The whole of SE Texas is pretty much flat. Lake Oroville, in N California, which had it's own watery dramas [bloboprev I - II - III] in the Spring was made by blocking off a natural valley in the foot-hills of the Sierra Nevada. Addicks and Barker had no such natural basin and are essentially prairie surrounded by their dams. Addick's earthworks are 19km in extent and would contain a quarter billion tonnes of water if brimful. Barker has a similar capacity within a slightly longer 22km berm. Neither reservoir has ever been close to topping out . . . until this week. At 2am local time on Monday 28/Aug the Army Corps of Engineers opened the floodgates to discharge water into the Buffalo Bayou. Since the complex was built, suburban Houston has spread out to and beyond the two lakes and hundreds of homes are being condemned to a dousing pro bono publico. If this is not done, then Houston and its people are looking at "a 30 foot [9m] wall of water" as the rising water over-tops and destroys the levees like the dykes in any medieval flood you care to name - Nieuwekerk - St. Marcellus - Zuiderzee.  Earth dams, even if roller-compacted, are no defense against running water. Lego - in the woods - on the beach - in the lab.

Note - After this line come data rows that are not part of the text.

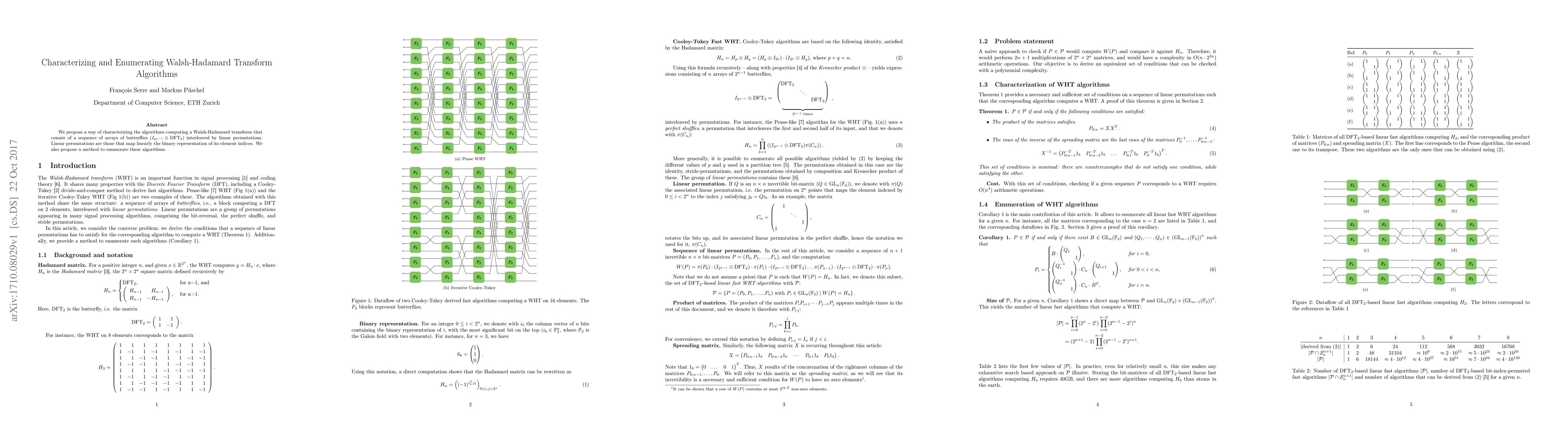 This paper characterizes algorithms computing Walsh-Hadamard transforms through sequences of butterfly arrays and linear permutations, and introduces a method for enumerating these algorithms.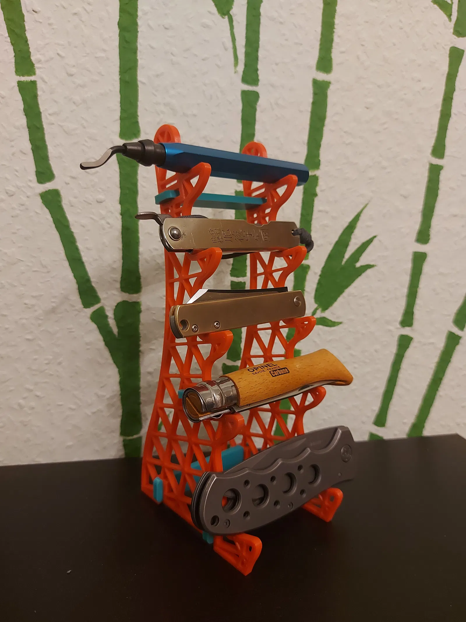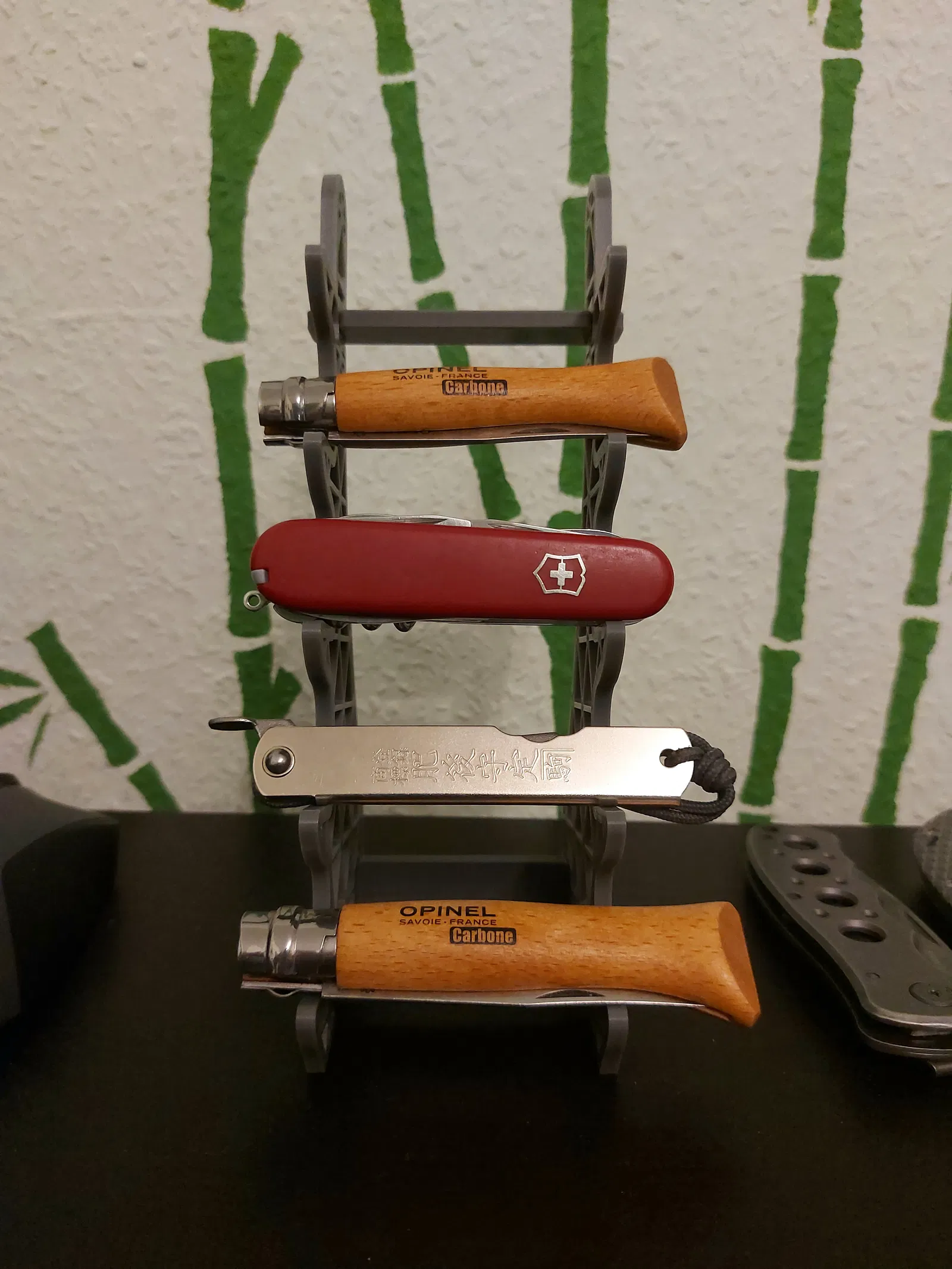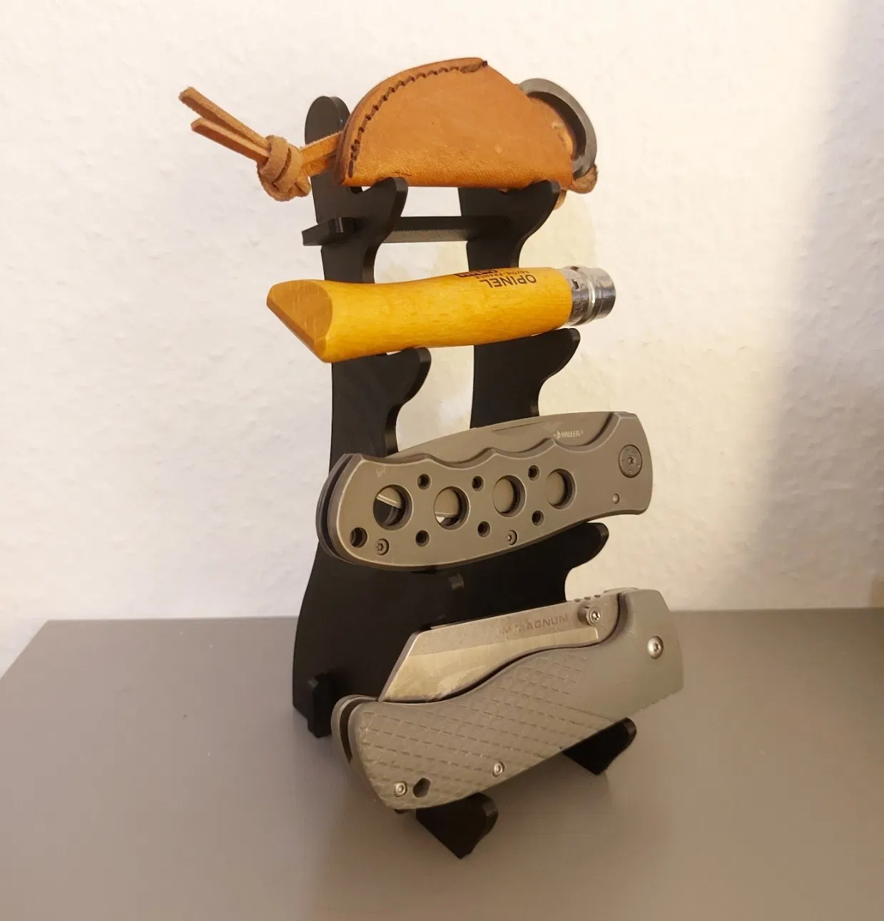 Kệ trưng bày dao đứng cực kỳ tiện lợi cho 4-5 con dao bỏ túi như Opinel hay Victorinox. Thiết kế lắp ráp kiểu nhấn khớp chắc chắn, dễ in, cho phép tùy chỉnh cấu hình kệ và độ rộng để phù hợp với nhiều loại dao khác nhau trong bộ sưu tập của bạn.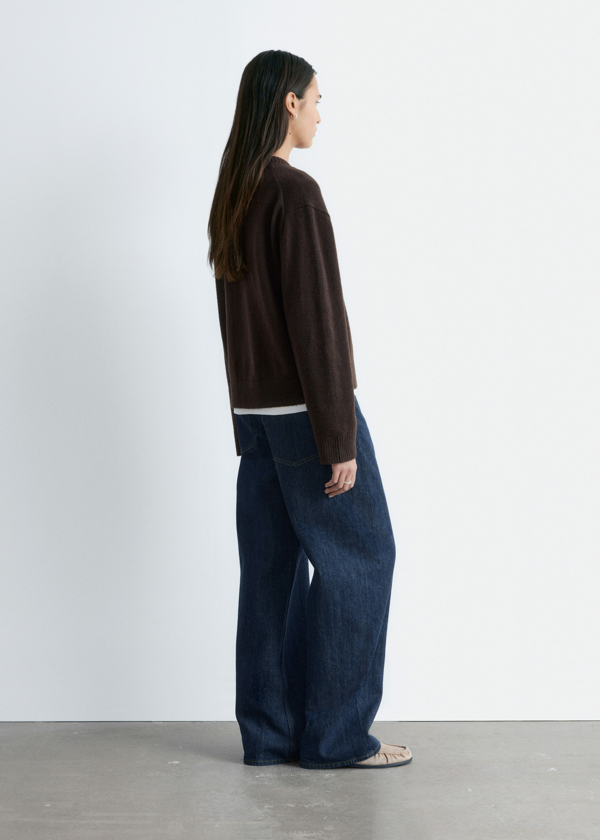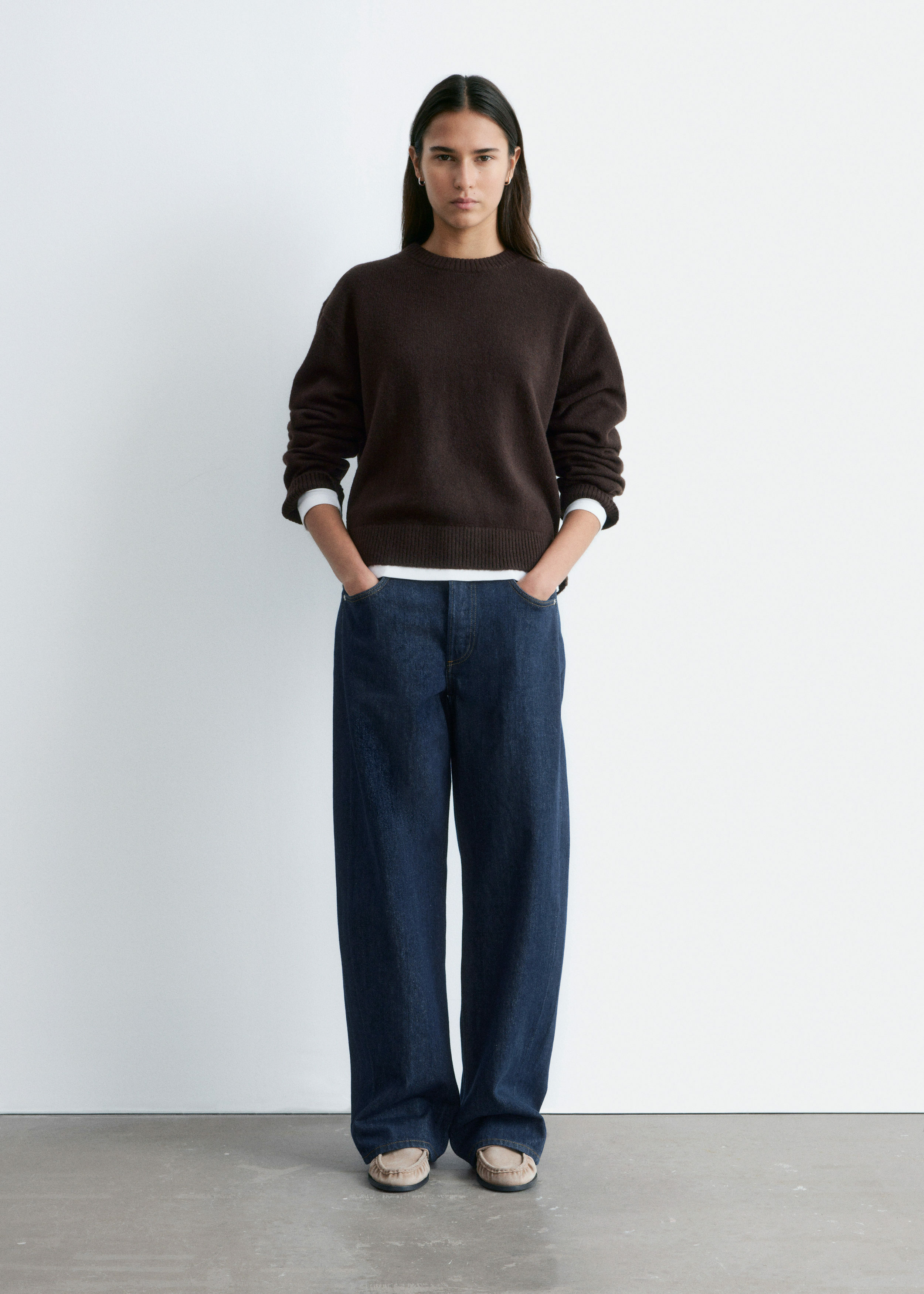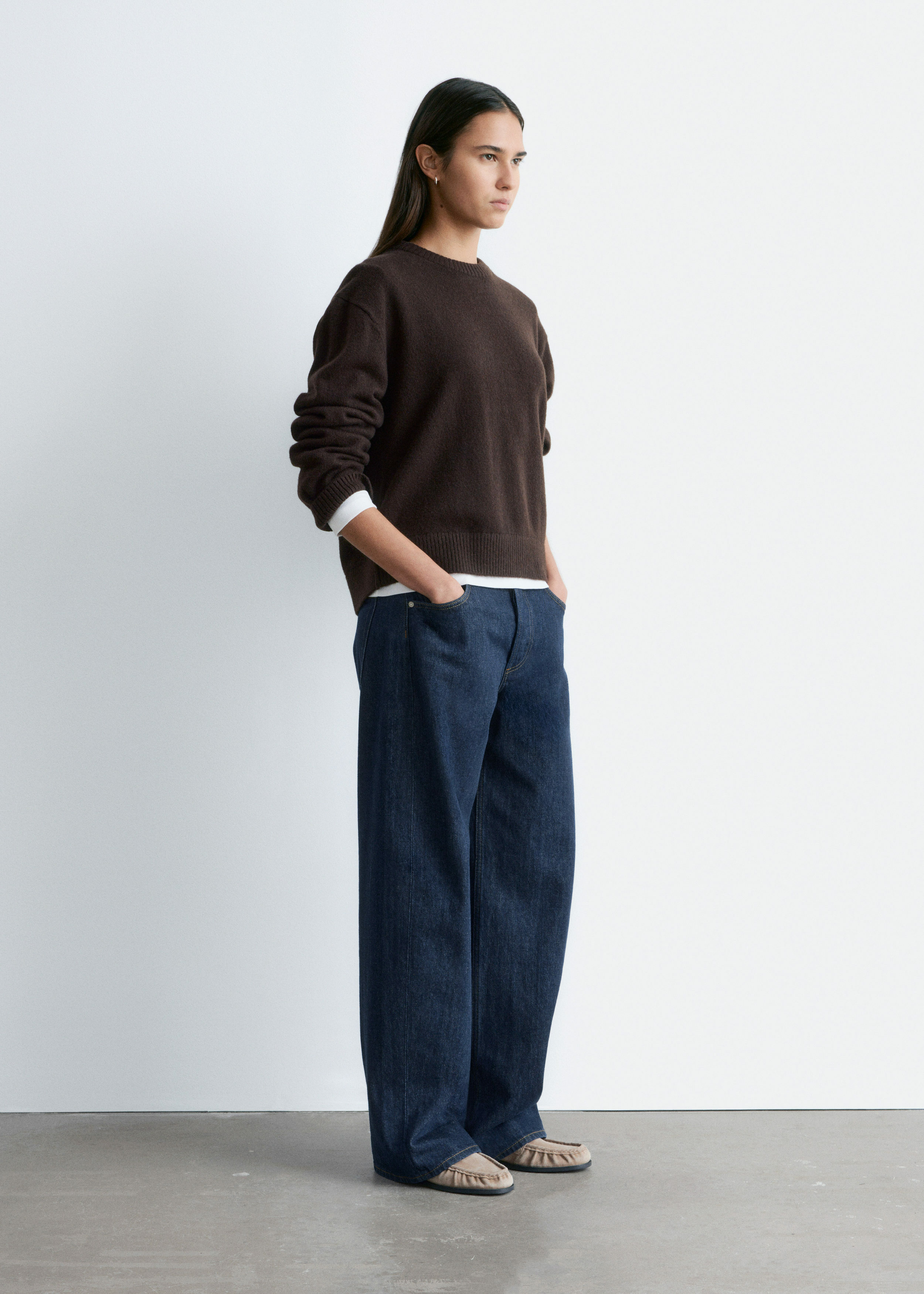 울 & 코튼 혼방 니트 소재의 스웨터예요. 박시 핏, 셋백 숄더, 립 트리밍이 특징이랍니다.

Tropical storms are damaging because of the wind, but also because they suck water out of the Gulf of Mexico and dump it as warm rain inland. They typically move over, through and off somewhere else and this limits the amount of precipitation to manageable proportions. Stalled by anti-cyclones over the Rockies and Great Plains, Harvey keeps on giving in buckets. A metre of rain has already fallen and at least another 300mm is likely before the end of August. 1300mm of rain in one place will flood all the local low lying areas, even if the height difference is a few metres.  Because the topography in Houston is so flat, water cannot drain away quickly which allows people to walk waist deep through it pushing a canoe full of pensioners without worrying about being swept away.  In mountainous N Italy in 1963, a 'mere' 50 million tonnes of water killed 2,000 people because it was travelling downhill fast and all at once.  If your local news starts mentioning Addicks & Barker in the context of Harvey anticipate a significant rise in water levels and more homeless people and trashed possessions. STOP PRESS: late bulletins last night on RTE were mentioning Houston dams, albeit not by name.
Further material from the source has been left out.